Economy

The Potential Relief for Emerging Markets as the US Dollar Weakens

Published November 20, 2023

As of late, there's been a noticeable drop in the U.S. Dollar Index (DXY), hitting a two-month low, influenced by consumer price inflation data that emerged weaker than anticipated. This new trend suggests a period of disinflation is setting in, hinting that the aggressive inflation control by the Federal Reserve may be starting to show results. Even producer prices, along with import and export costs, are showing signs of deflation.

Economic Indicators and Fed Policy

The latest statistics are fueling speculation that the Federal Reserve may halt its rate-hiking cycle, potentially capping the Fed Funds rate at about 5.5%. This scenario is slightly less aggressive than previously forecasted in the Fed's dot plot for 2023. Futures contracts traded at the Chicago Mercantile Exchange support this viewpoint, with market predictions leaning away from additional rate hikes going into 2024.

Traditionally, hikes in U.S. interest rates attract foreign investment due to the appealing yields, which drive up the demand and value of the U.S. dollar. Conversely, if U.S. rates stabilize or decrease, the dollar's attractiveness diminishes. The CME's FedWatch tool even proposes a slight possibility of rate cuts from May 2024.

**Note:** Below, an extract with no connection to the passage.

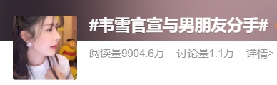 相关话题#韦雪官宣与男朋友分手#迅速冲上微博热搜。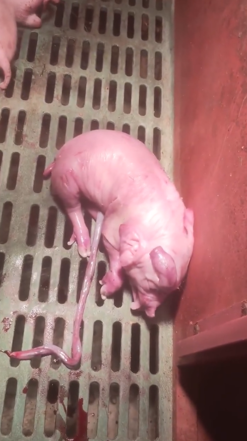 Until the last piglet was born on the gray plastic floor.

The Impact on Emerging Markets

A weaker U.S. dollar could be a silver lining for emerging market (EM) economies. Research by the International Monetary Fund (IMF) indicates that a 10% rise in the U.S. dollar can shrink EM economies' output by almost 2% after a year, with effects lingering much longer than in developed economies. As a result, the recent easing of the dollar strength provides some optimism for EM currencies which analysts predict may gradually strengthen by the end of the year.

This potential upturn in currency value could benefit many publicly traded EM companies through favorable currency translation effects. Lazard Asset Management projects that EM earnings growth could potentially double that of developed markets in 2024, highlighting a strong leverage for EM over U.S. equities.

Moreover, one of the most notable implications of a declining dollar lies in how it affects EM debt loads. A significant portion of EM external debt is USD-denominated. Thus, a softening dollar eases the burden of debt servicing for these economies, potentially making their debt loads more manageable.

Investors keen on tapping into EM opportunities could look at vehicles like the iShares MSCI Emerging Markets ETF or the WisdomTree Emerging Currency Strategy Fund for currency exposure, alongside potential U.S. Dollar-focused funds for diverse strategies.